What is being asked: Where the records below show a line containing "所属している省庁・支部などだ", start copying; end with the line containing "席に着くと、あらかじめワーク", and copy it too.
Top of Data shown
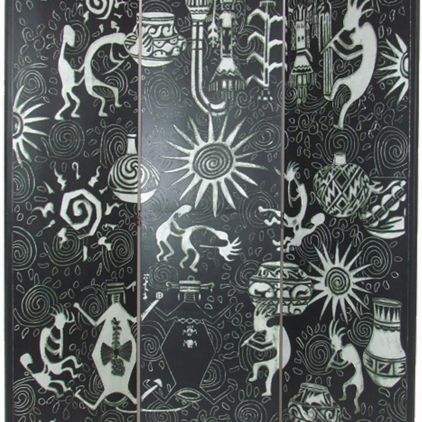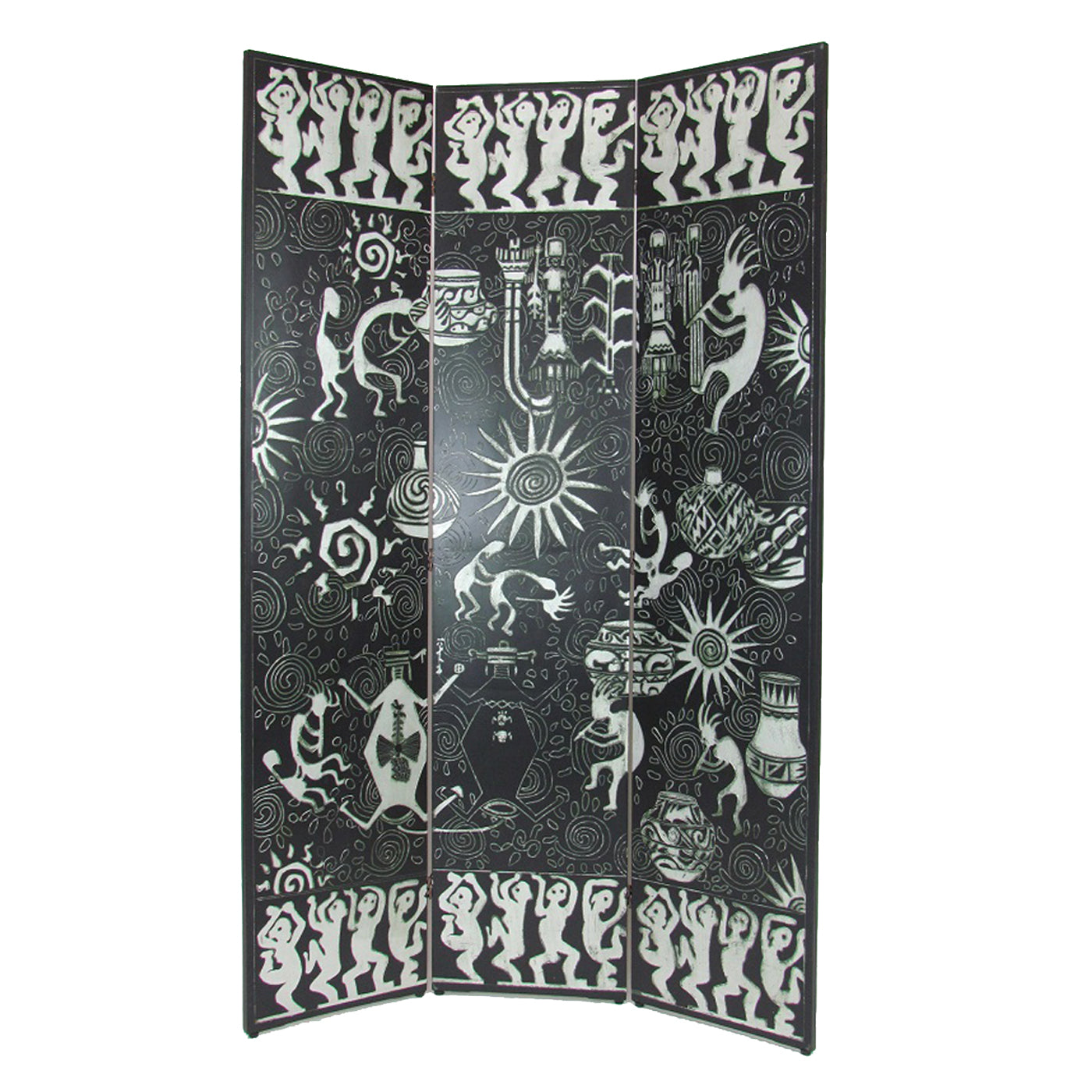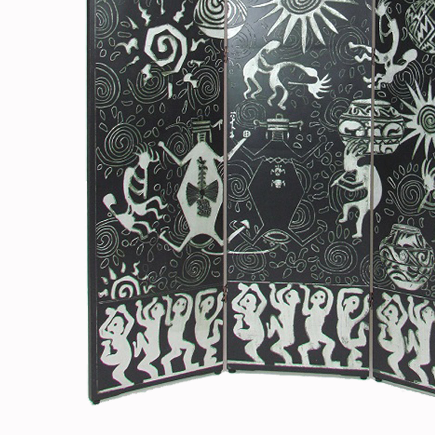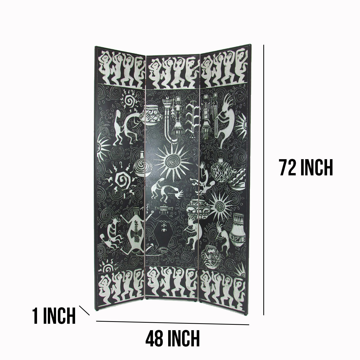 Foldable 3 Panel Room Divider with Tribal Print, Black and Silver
Bottom of Data shown
Top of Data shown
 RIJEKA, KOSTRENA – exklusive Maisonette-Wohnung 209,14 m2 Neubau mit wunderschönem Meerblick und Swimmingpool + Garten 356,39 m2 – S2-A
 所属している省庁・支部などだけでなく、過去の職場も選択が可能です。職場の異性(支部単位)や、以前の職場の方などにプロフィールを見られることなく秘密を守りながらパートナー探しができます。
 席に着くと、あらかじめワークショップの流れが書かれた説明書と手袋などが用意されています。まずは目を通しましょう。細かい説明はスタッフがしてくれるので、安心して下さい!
Bottom of Data shown
Top of Data shown
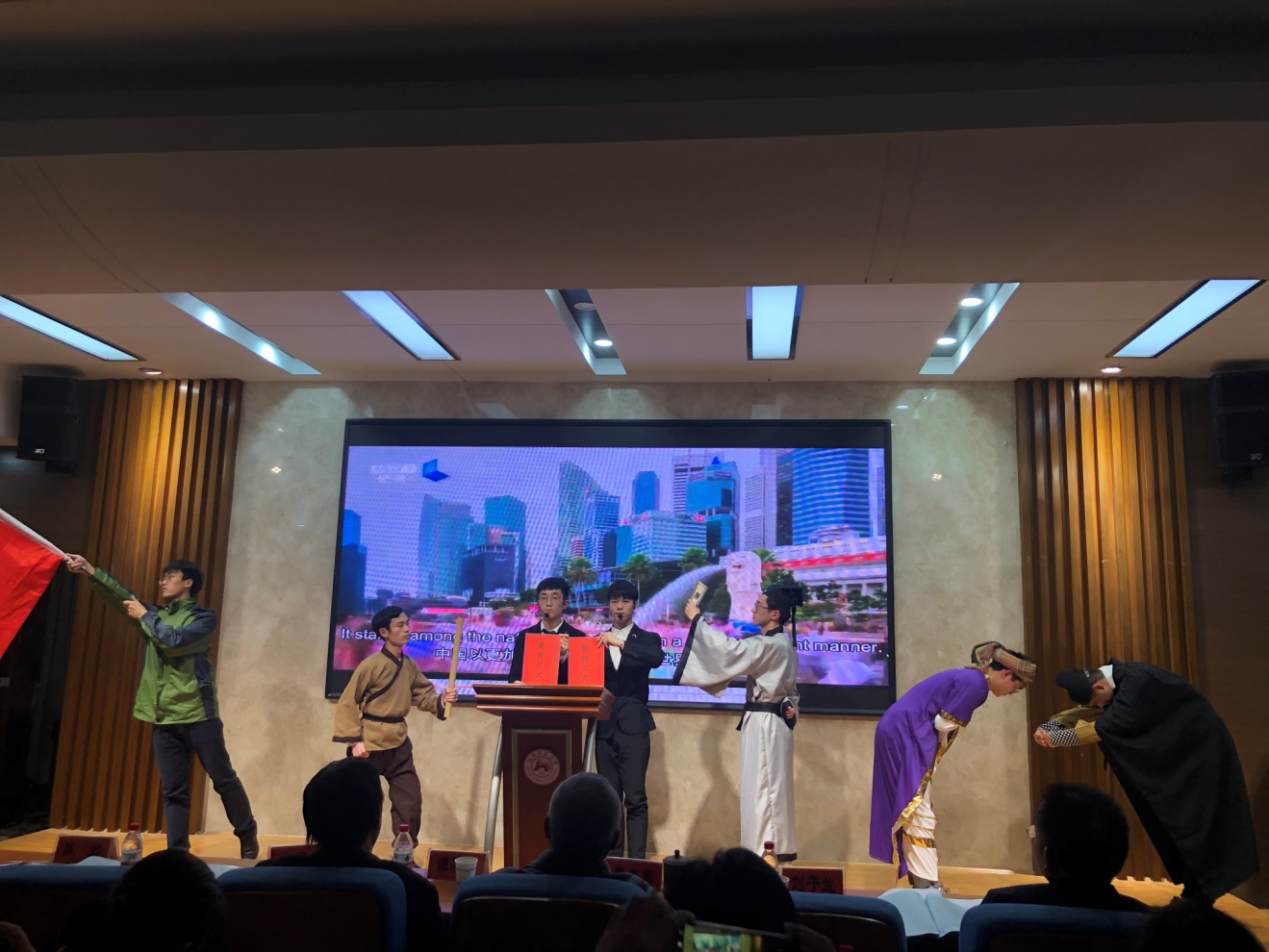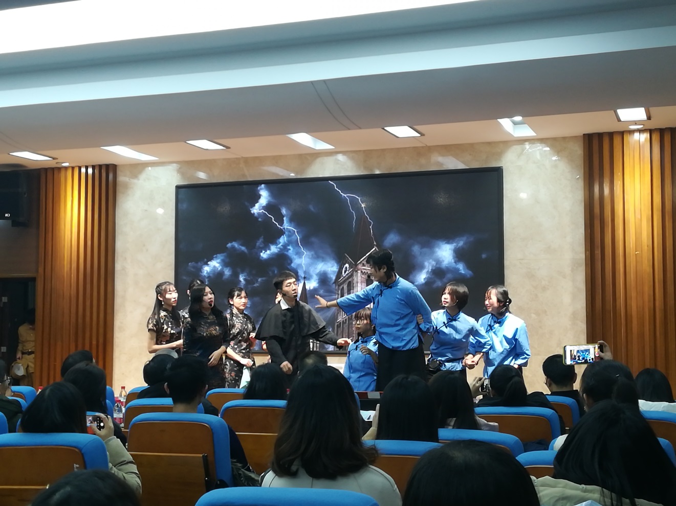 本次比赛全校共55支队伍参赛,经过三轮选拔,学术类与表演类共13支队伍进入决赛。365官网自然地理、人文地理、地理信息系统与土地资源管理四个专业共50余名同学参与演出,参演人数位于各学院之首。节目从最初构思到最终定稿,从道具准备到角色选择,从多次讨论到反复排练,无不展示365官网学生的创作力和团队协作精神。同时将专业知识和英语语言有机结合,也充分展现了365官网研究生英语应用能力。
Bottom of Data shown
Task output:
 所属している省庁・支部などだけでなく、過去の職場も選択が可能です。職場の異性(支部単位)や、以前の職場の方などにプロフィールを見られることなく秘密を守りながらパートナー探しができます。
 席に着くと、あらかじめワークショップの流れが書かれた説明書と手袋などが用意されています。まずは目を通しましょう。細かい説明はスタッフがしてくれるので、安心して下さい!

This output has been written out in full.